“Many of us are that kind of monster, Temple. I never hurt anybody during my bogus medical career. I have an IQ of one hundred seventy-eight, did you know? I can’t say as much for many of the genuine doctors I practiced alongside. I’ve always meant to do a medical exposé, but Chester channeled me into fiction. I think he feared that if I did a controversial book, it would draw attention to his less than glorious past.”
“Or maybe he didn’t want you running down his ex profession.”
“True. Chester was old-fashioned in more than wanting to keep women in their place; he wanted control. He wanted all his authors as off balance as cats on a hot tin roof. Everyone around him was a possible enemy: the woman who would henpeck him, the man who would outperform him in any arena. He loved to put his authors through hell, playing on their insecurities. He wanted me to rewrite Broken Bones five times.”
“Why put up with it?”
Hunter shrugged. “I knew his type from my medical masquerade days. I simply hired a ghost writer to diddle with the ms. over and over until Chester decided he had put me through enough.”
“So you were never taken advantage of editorially, or fiscally?”
“I’m no Mavis Davis, no.” Hunter grinned to observe Temple’s surprise. “I knew Chester’s game; I didn’t let it get to me. And he’d made the mistake of breaking me out early, there was no way he was going to nickel and dime my agent to death at that late date.”
“You seemed to have used him, rather than vice versa.”
“Exactly. I had good training for it in the hospitals. And after.”
“You’re referring to—Joliet, was it?”
“The games played there make those of editorial ego very small potatoes indeed. Speaking of which, are you really going to eat all that? It’s the size of a wooden shoe.’ ” Temple forked into the tuber in question. “You bet. I’ve been on a strange diet lately—tuna fish—and it’s time to make up for it.”
Temple spent the rest of the evening inquiring politely about Hunter’s novels. Most offered unlikely scenarios about heroic physicians foiling near-future plots dealing with corporate clones, sinister truth serums and genetically engineered plagues created by global conspiracies.
Temple could see why spinning such farfetched tales would satisfy Hunter’s con-man instincts. He could play the doctor every day in his novels, and be the hero as well. She could also see why patients trusted him and women would find him attractive, even if they suspected his sincerity. If you’re going to be sold a bill of goods, the salesman had better be smooth.

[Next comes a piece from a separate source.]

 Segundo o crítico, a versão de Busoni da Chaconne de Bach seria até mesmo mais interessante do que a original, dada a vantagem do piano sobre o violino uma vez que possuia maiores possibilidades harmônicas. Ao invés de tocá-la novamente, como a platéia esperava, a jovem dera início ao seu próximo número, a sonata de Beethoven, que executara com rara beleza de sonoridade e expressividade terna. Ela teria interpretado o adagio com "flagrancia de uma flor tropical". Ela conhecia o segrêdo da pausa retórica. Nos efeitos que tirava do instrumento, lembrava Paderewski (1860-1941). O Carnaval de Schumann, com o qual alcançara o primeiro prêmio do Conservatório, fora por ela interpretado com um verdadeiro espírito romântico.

“What will happen to your books now that Chester Royal’s dead?” Temple polished off the last of her potato just before the waiter cleared the table.
“Nothing. Even if Pennyroyal Press breaks down, any major publisher would be pleased to snap up myself and Mavis Davis. Even Owen Tharp.”
“What about the others on the Pennyroyal Press list? The writers who were just beginning?”
Hunter shook his head as he finished his expensive white wine. “Nothing. They’ll go on clawing in the melee and living on thin air as they always have. But the top authors won’t have to worry. Survival of the fattest.”
“Maybe one of the thin types did it?”
“Kill an editor in chief? Most of them haven’t even figured out the score yet, much less become ready, willing and able to kill the umpire.”
“Then, no matter how horrible Chester was to his writers, none of them had motive to kill him, since it would only hurt themselves?”
“Yes, that is the Gospel according to Lanyard Hunter. Of course you must take into account that I’m a very slippery fellow.” Again the concentrated, intimate stare. Temple fidgeted, then fought off the spell and returned to basics. “Is that your real name, Lanyard Hunter?”
“As a matter of fact it is,” he said complacently. “Though nobody believes it. That’s the best kind of lie: the truth that nobody takes seriously. It will never catch the teller and it will seriously mislead everybody else.”
“I take it these are the con man’s rules to live by?”
“Call it what you will—it works. Doesn’t it?”
She ignored his question, although it had crossed her mind to wonder if his lovers really called him ‘Lanyard’ in bed, one of those uncensored idle thoughts that one disowns faster than a Freudian slip. “Who do you think murdered Mr. Royal?”
“I haven’t the slightest idea, and I don’t care.”
“Then why take the time to spend dinner being questioned by me?” Too late did she recognize that was a provocative question under the circumstances, or considering the company.
Lanyard Hunter bounded into her opening with relish and a seductive smile. “Because, my dear Miss Temple, I happen to enjoy intelligent female company, especially when it’s as attractively wrapped as you. I noticed you at the ABA right away. Besides, there’s only one thing a reformed con man can do, and that is to watch others play the game. I am breathless to discover whether you or Lieutenant Molina will find the culprit first.”